Top Panels: NSE mass abundances as a function of temperature (decreasing to the right) for a Universe with baryon-to-photon ratio $\eta$ . The top left panel is for the value of $\eta = 6 \times 10^{-10}$ , as in our Universe, and the right panel shows the effect of increasing the baryon-to-photon ratio to $\eta = 6 \times 10^{-6}$ . Note that the line styles are not the same for the two panels. To reduce clutter, not all nuclei are shown: the plotted nuclei are those that, at some temperature, are in the top five abundances. Both panels show a similar pattern: protons and neutrons at high temperature, ${}^{4}\mathrm{He}$ coming to dominate at intermediate temperatures, and highly bound nuclei (particularly ${}^{56}\mathrm{Fe}$ ) dominating at low temperatures. Bottom Panels: The equilibration timescales from Equation (27) for the Universe with $\eta = 6 \times 10^{-10}$ (left) and $\eta = 6 \times 10^{-6}$ (right). As shown in the legend, the solid lines are for the equilibrium between protons and neutrons, from neutrons to ${}^{4}\mathrm{He}$ , and from ${}^{4}\mathrm{He}$ to ${}^{56}\mathrm{Fe}$ . (Neutrons are always overabundant, and thus their production is not a rate-limiting step. The neutron equilibration time is shown for comparison with freeze-out in our Universe.) The horizontal dashed line shows $t_{eq} = 1$ s. The dotted green line shows $1/H$ , the Hubble time, from Equation (32). The dashed vertical lines show the temperature at which the ${}^{4}\mathrm{He}$ (left, red) and ${}^{56}\mathrm{Fe}$ (right, blue) have NSE abundances greater than 0.9. The thin grey lines show the many reactions in the chain from ${}^{4}\mathrm{He}$ to ${}^{56}\mathrm{Fe}$ —because they span many orders of magnitude, the overall $t_{eq}$ is approximately equal to the timescale of the slowest reaction. In both panels, the production of ${}^{4}\mathrm{He}$ is the rate-limiting step.

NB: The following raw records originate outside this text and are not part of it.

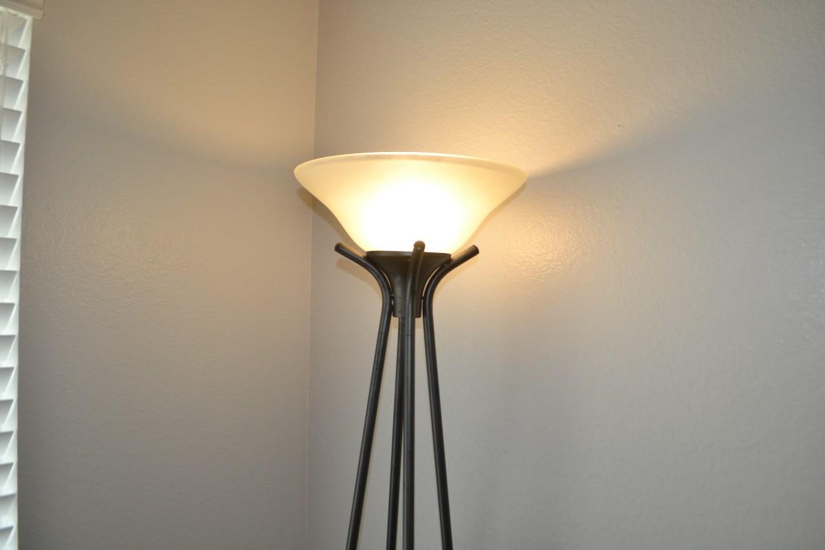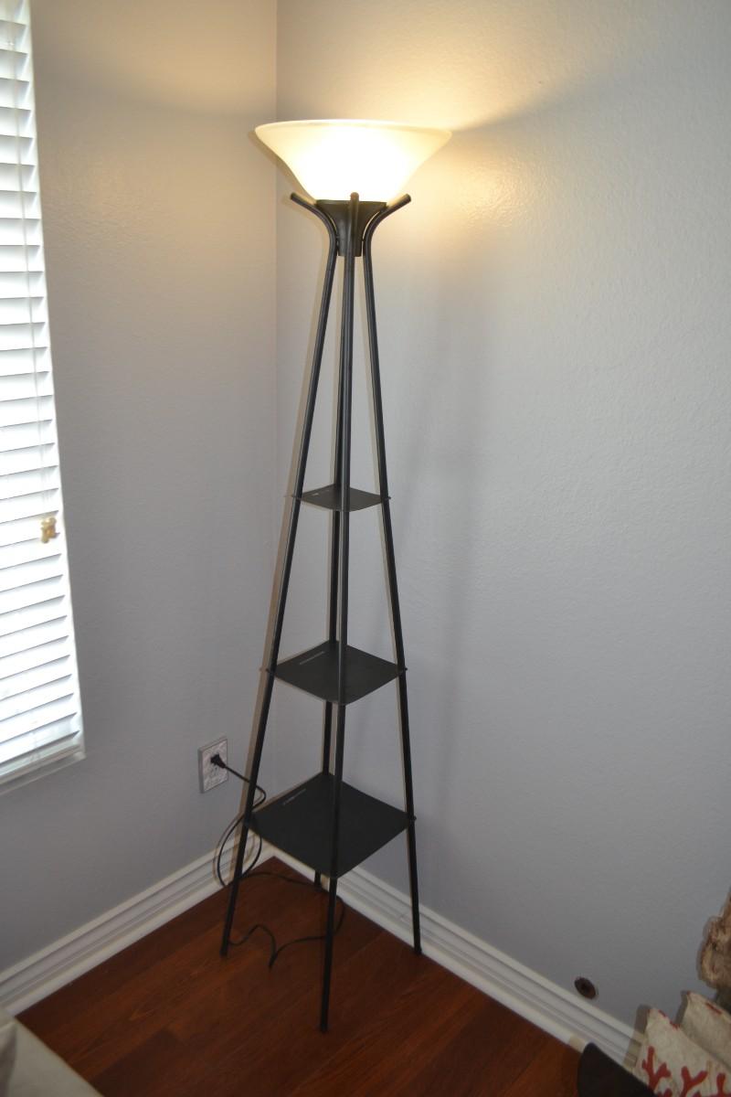 LOT 308 FLOOR LAMP WITH SMALL SHELVES
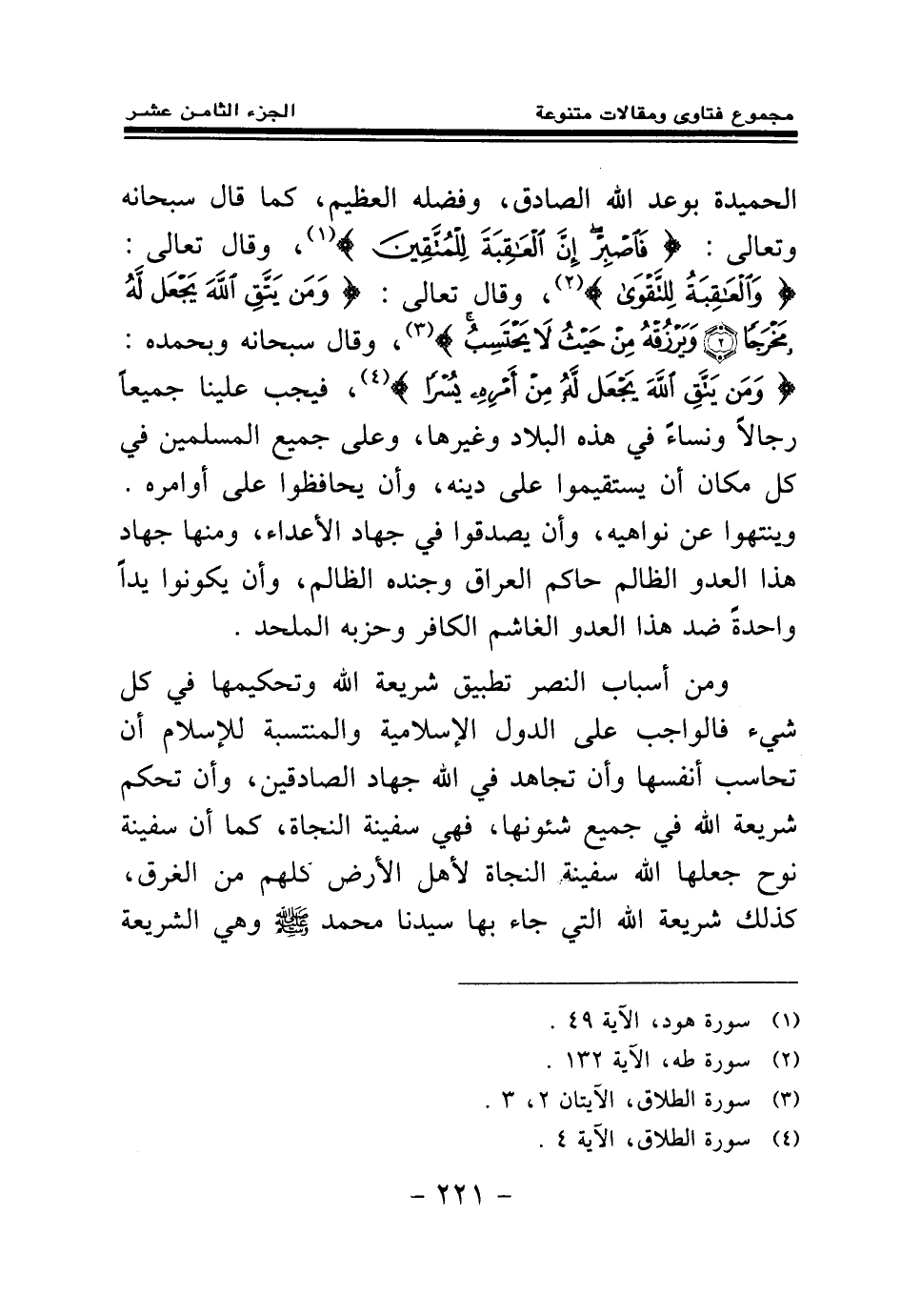 الحميدة بوعد الله الصادق، وفضله العظيم، كما قال سبحانه وتعالى: {فَاصْبِرْ إِنَّ الْعَاقِبَةَ لِلْمُتَّقِينَ} (¬1) وقال تعالى: {وَالْعَاقِبَةُ لِلتَّقْوَى} (¬2) وقال تعالى: {وَمَنْ يَتَّقِ اللَّهَ يَجْعَلْ لَهُ مَخْرَجًا} (¬3) {وَيَرْزُقْهُ مِنْ حَيْثُ لَا يَحْتَسِبُ} (¬4) وقال سبحانه وبحمده: {وَمَنْ يَتَّقِ اللَّهَ يَجْعَلْ لَهُ مِنْ أَمْرِهِ يُسْرًا} (¬5) فيجب علينا جميعا رجالا ونساء في هذه البلاد وغيرها، وعلى جميع المسلمين في كل مكان أن يستقيموا على دينه، وأن يحافظوا على أوامره وينتهوا عن نواهيه، وأن يصدقوا في جهاد الأعداء، ومنها جهاد هذا العدو الظالم حاكم العراق وجنده الظالم، وأن يكونوا يدا واحدة ضد هذا العدو الغاشم الكافر وحزبه الملحد.
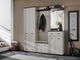 Vytvořte si dobře organizovaný a stylový vstupní prostor s předsíní Hagon v moderním provedení kašmír s černými detaily, moderní vzhled podtrhuje dekorativní potisk pruhů, který spojuje funkčnost s vizuální elegancí. Objevte předsíňové skříňky, které nabízejí více než jen první dojem. Díky promyšlenému vnitřnímu uspořádání získáte bohatý úložný prostor na boty, doplňky, tašky nebo sezónní oblečení. Zásuvky a skříňky s dvířky vám umožní udržovat pořádek a mít vše po ruce, ale zároveň elegantně skryté před zraky návštěv. Ideální řešení pro ty, kteří chtějí, aby jejich předsíň působila upraveně a stylově. Dalším prvkem předsíně je věšákový panel s horní policí a 4 samostatnými věšáky, které poskytují praktický prostor pro každodenní použití. Celkový vzhled předsíně doplňují čalouněné panely, které přinášejí nejen vizuální zjemnění, ale také pohodlí při obouvání. Efektivní součástí předsíně je panel se zrcadlem a horní policí. Poznámka: předsíň neobsahuje podsedák.

How do such short-lived elements remain in equilibrium? An unstable element will be in equilibrium if its rate of decay is equal to its rate of formation. For example, ${}^{5}\mathrm{Li}$ and ${}^{8}\mathrm{Be}$ require:

(20) \begin{equation}^{4}\mathrm{He} + p \rightleftharpoons ^{5}\mathrm{Li} \qquad ^{4}\mathrm{He} + ^{4}\mathrm{He} \rightleftharpoons ^{8}\mathrm{Be} .\end{equation}

Equating the rates of production and decay, we find the conditions for secular equilibrium:

(21) \begin{equation}\begin{split}{\langle \sigma v \rangle}_{5} n_{^{4}\mathrm{He}} n_p = \lambda_{^{5}\mathrm{Li}} n_{^{5}\mathrm{Li}} \\\frac{1}{2} {\langle \sigma v \rangle}_{8} n^2_{^{4}\mathrm{He}} = \lambda_{^{8}\mathrm{Be}} n_{^{8}\mathrm{Be}},\end{split}\end{equation}

where $\lambda_{^{5}\mathrm{Li}}$ $(\lambda_{^{8}\mathrm{Be}})$ is the decay rate (in $\mathrm{s}^{-1}$ ) for ${}^{5}\mathrm{Li}$ ( ${}^{8}\mathrm{Be}$ ), ${\langle \sigma v \rangle}_{5}$ , and ${\langle \sigma v \rangle}_{8}$ are the thermally averaged reaction rates per particle pair for the reactions in Equation (20), and $n_i$ is the number density of species i.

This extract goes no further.